» **Work to be completed**
A word-for-word copy of the data, with no images, is the required answer.

» **Given information**
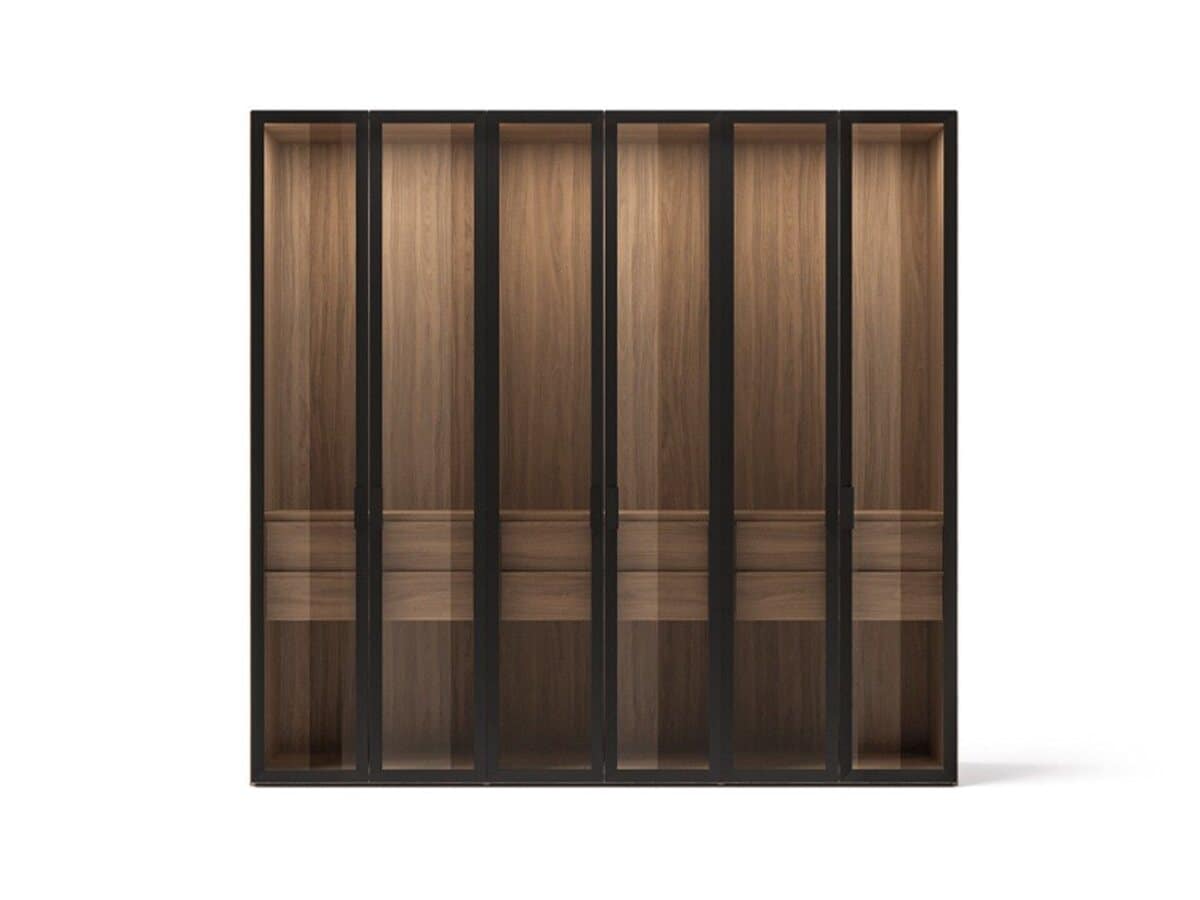 The Wood & Glass Wardrobe by Kico blends natural and transparent materials, offering interior organization and external aesthetic versatility.
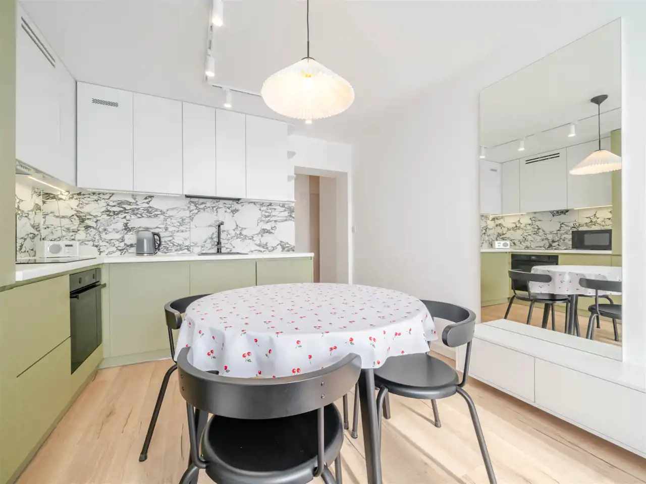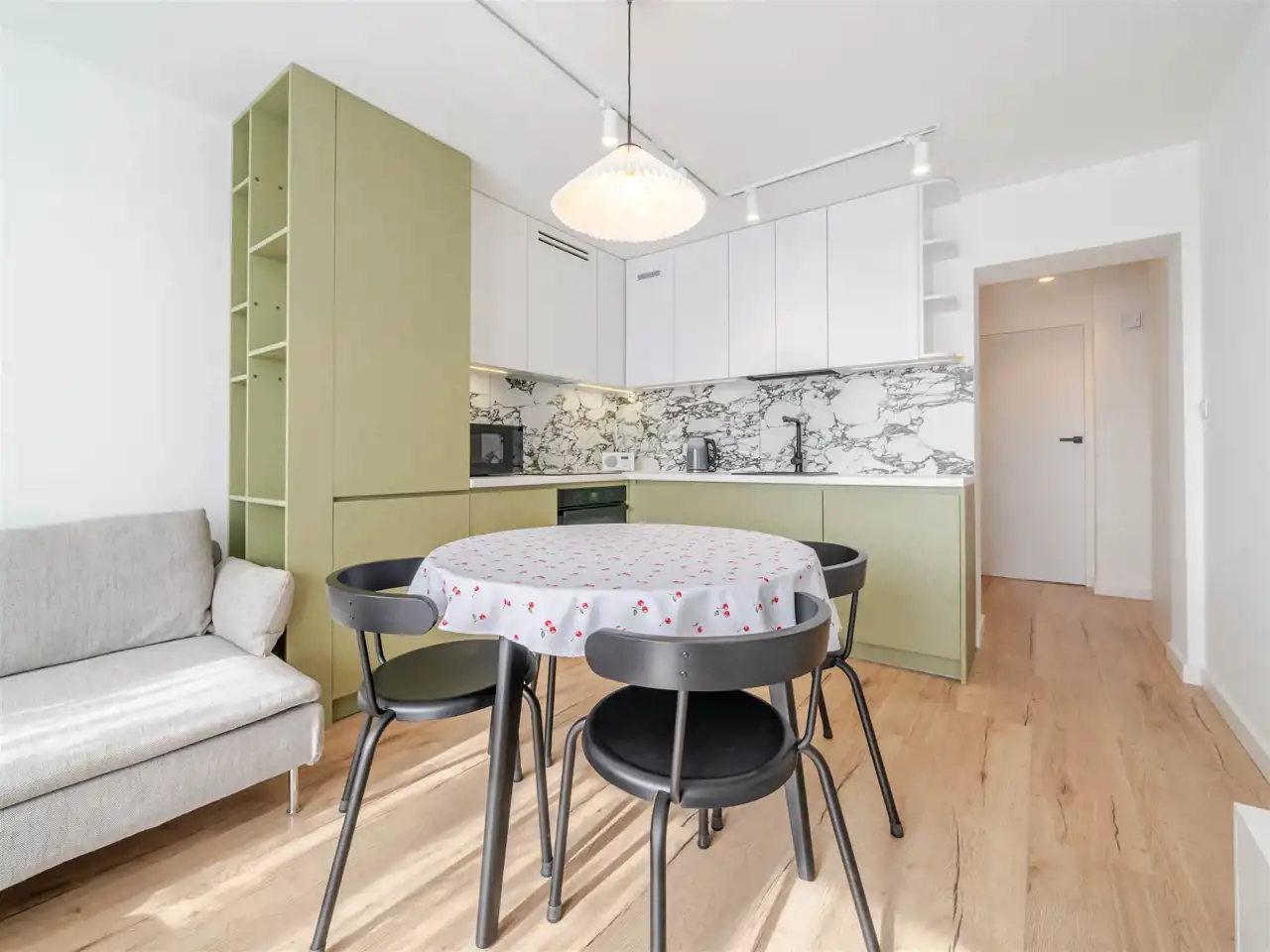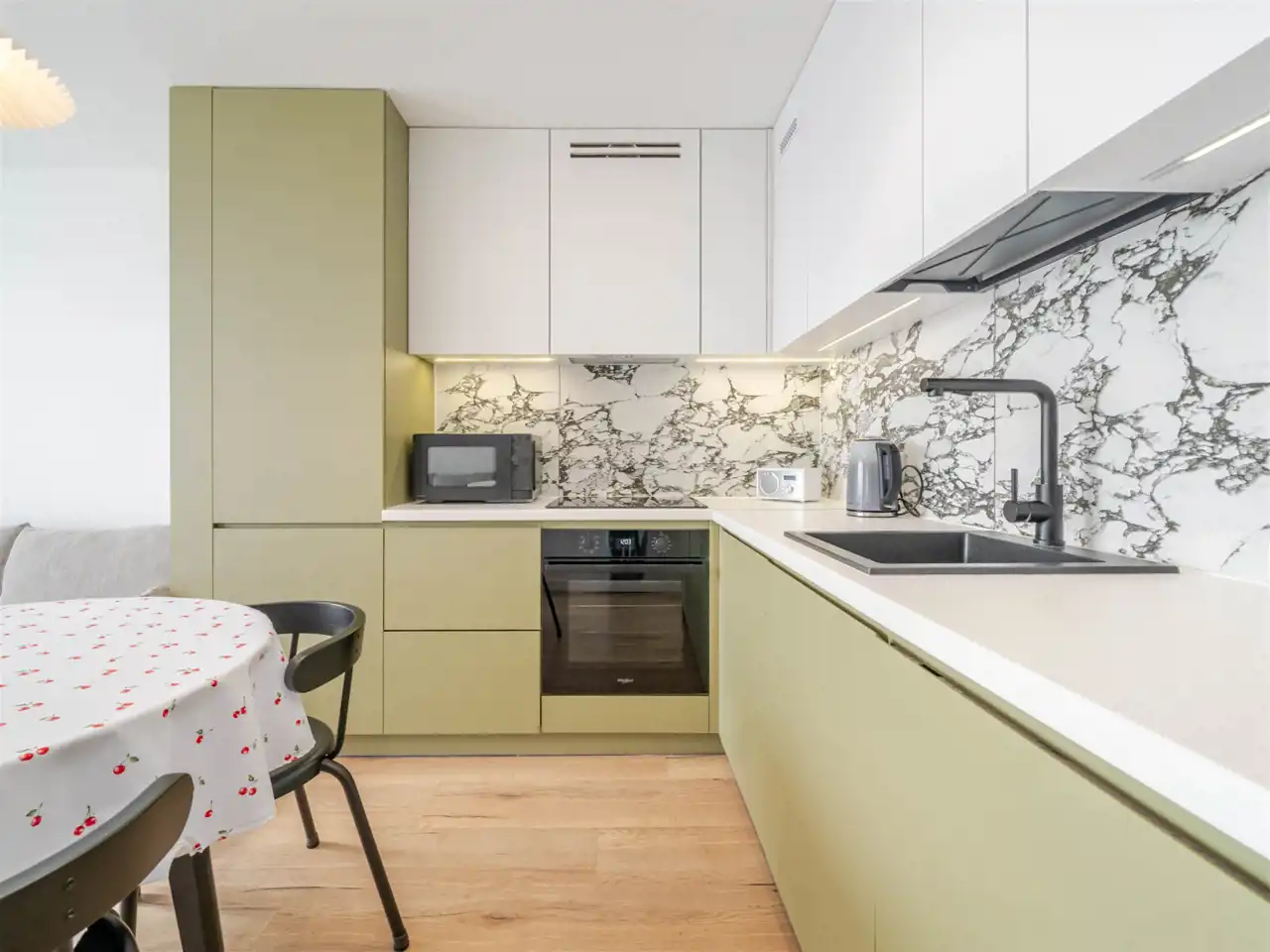 - pokoju dziennego z aneksem kuchennym - meble w zabudowie, lodówka z zamrażarką, płyta indukcyjna, piekarnik elektryczny, mikrofalówka, zmywarka;
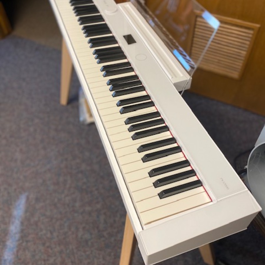 The PX-S7000 is a compact grand piano that looks every bit as good as it sounds and feels. Its modern design is both appealing and functional, with a beautiful and sturdy matching wooden stand and three fixed pedals. A digital grand piano is a perfect solution when an acoustic grand is impractical, especially one that delivers the sound and feel of a concert grand in a fraction of the space, the PX-S7000 is as much of a joy to see as it is to play. It also delivers the sound of three of the world's most legendary pianos (Hamburg, New York, and Berlin) as part of its collection of 400 Tones. As with any digital piano, an authentic feel is as important as sound quality. The Smart Hybrid Hammer Action keys take the PX-S7000's realism to a new level, featuring Spruce key construction, advanced counterweights, and new dampening materials. These keys are dynamic, whisper-quiet and satisfying to play. Designed to be beautiful from every angle, the PX-S7000 adds elegance, harmony, and modern style to any space. Unlike nearly any other digital piano, it can serve as a musical centerpiece rather than simply being placed near a wall. It can also be removed from its stand and played anywhere. Add 8 AA batteries, the optional SC-900 carrying bag, and the optional SP-34 three-pedal unit, and your PX-S7000 is ready to perform wherever your music takes you. The PX-S7000 won MMR's 2024 Dealer's Choice award for Home Digital Keyboard of the Year.
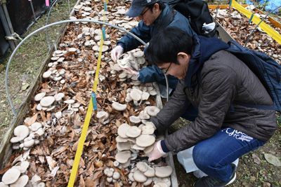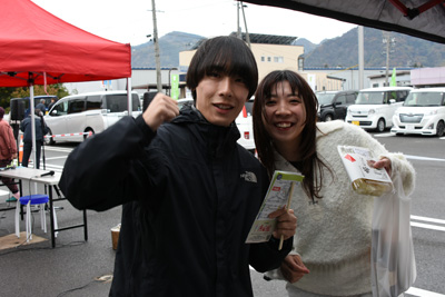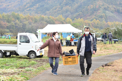 さかき地場産直売所「あいさい」では、ねずみ大根などの農産物・加工品の販売、坂城特産ワイン、きのこ、焼き栗、やきいも、シイタケ、ねずこんグッツの販売などさまざまな商品が店頭に並びました。また、会場内では、抽選会場や原木きのこの収穫体験も同時に行われ収穫を楽しんでいました。
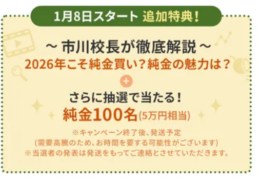 今回は「2025年投資市場の総復習」をテーマにした動画に加え、市川校長による2026年の相場大予想も特典として用意されていますよ。
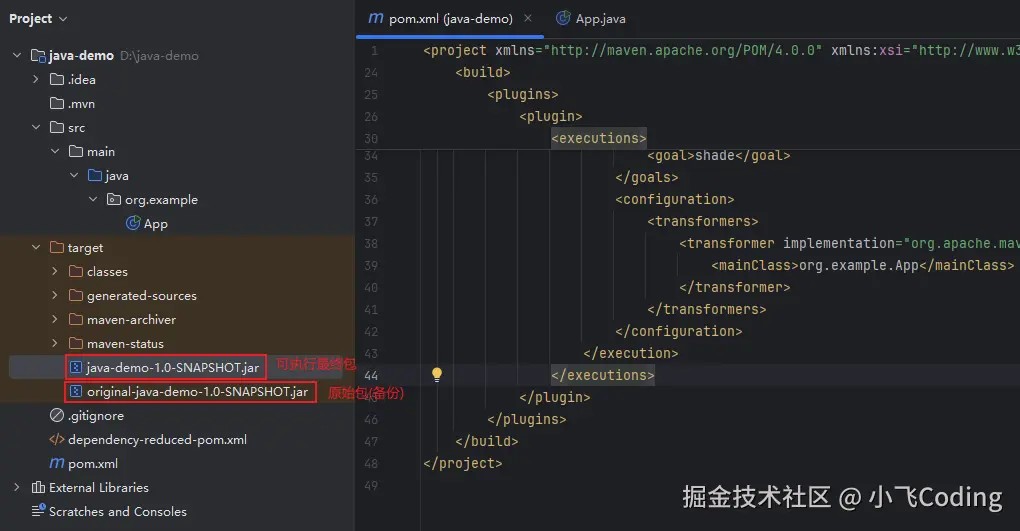 └── original-java-demo-1.0-snapshot.jar ← 原始包(备份),不能直接执行,只包含项目中自有的代码,menifest.mf文件中连main-class都没有。

» **Task response**
 The Wood & Glass Wardrobe by Kico blends natural and transparent materials, offering interior organization and external aesthetic versatility.
 - pokoju dziennego z aneksem kuchennym - meble w zabudowie, lodówka z zamrażarką, płyta indukcyjna, piekarnik elektryczny, mikrofalówka, zmywarka;
 The PX-S7000 is a compact grand piano that looks every bit as good as it sounds and feels. Its modern design is both appealing and functional, with a beautiful and sturdy matching wooden stand and three fixed pedals. A digital grand piano is a perfect solution when an acoustic grand is impractical, especially one that delivers the sound and feel of a concert grand in a fraction of the space, the PX-S7000 is as much of a joy to see as it is to play. It also delivers the sound of three of the world's most legendary pianos (Hamburg, New York, and Berlin) as part of its collection of 400 Tones. As with any digital piano, an authentic feel is as important as sound quality. The Smart Hybrid Hammer Action keys take the PX-S7000's realism to a new level, featuring Spruce key construction, advanced counterweights, and new dampening materials. These keys are dynamic, whisper-quiet and satisfying to play. Designed to be beautiful from every angle, the PX-S7000 adds elegance, harmony, and modern style to any space. Unlike nearly any other digital piano, it can serve as a musical centerpiece rather than simply being placed near a wall. It can also be removed from its stand and played anywhere. Add 8 AA batteries, the optional SC-900 carrying bag, and the optional SP-34 three-pedal unit, and your PX-S7000 is ready to perform wherever your music takes you. The PX-S7000 won MMR's 2024 Dealer's Choice award for Home Digital Keyboard of the Year.
 さかき地場産直売所「あいさい」では、ねずみ大根などの農産物・加工品の販売、坂城特産ワイン、きのこ、焼き栗、やきいも、シイタケ、ねずこんグッツの販売などさまざまな商品が店頭に並びました。また、会場内では、抽選会場や原木きのこの収穫体験も同時に行われ収穫を楽しんでいました。
 今回は「2025年投資市場の総復習」をテーマにした動画に加え、市川校長による2026年の相場大予想も特典として用意されていますよ。
 └── original-java-demo-1.0-snapshot.jar ← 原始包(备份),不能直接执行,只包含项目中自有的代码,menifest.mf文件中连main-class都没有。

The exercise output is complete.